▸ **Collection entries**
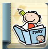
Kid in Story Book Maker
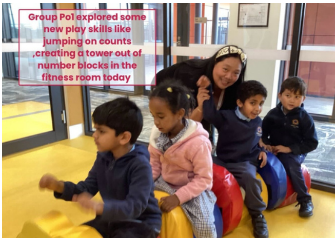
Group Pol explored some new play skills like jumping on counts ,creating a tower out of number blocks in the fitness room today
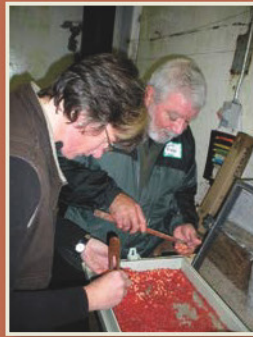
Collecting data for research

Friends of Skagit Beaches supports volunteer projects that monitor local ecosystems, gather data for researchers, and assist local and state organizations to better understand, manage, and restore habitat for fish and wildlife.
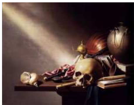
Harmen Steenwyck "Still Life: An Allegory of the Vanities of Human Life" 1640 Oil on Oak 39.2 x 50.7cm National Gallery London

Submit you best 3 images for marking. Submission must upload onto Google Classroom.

▸ **DESCRIPTION OF THE TASK**
Every line in the records above with "data" in it adds one to the count; give that count and nothing else.

▸ **PROBLEM SOLUTION**
2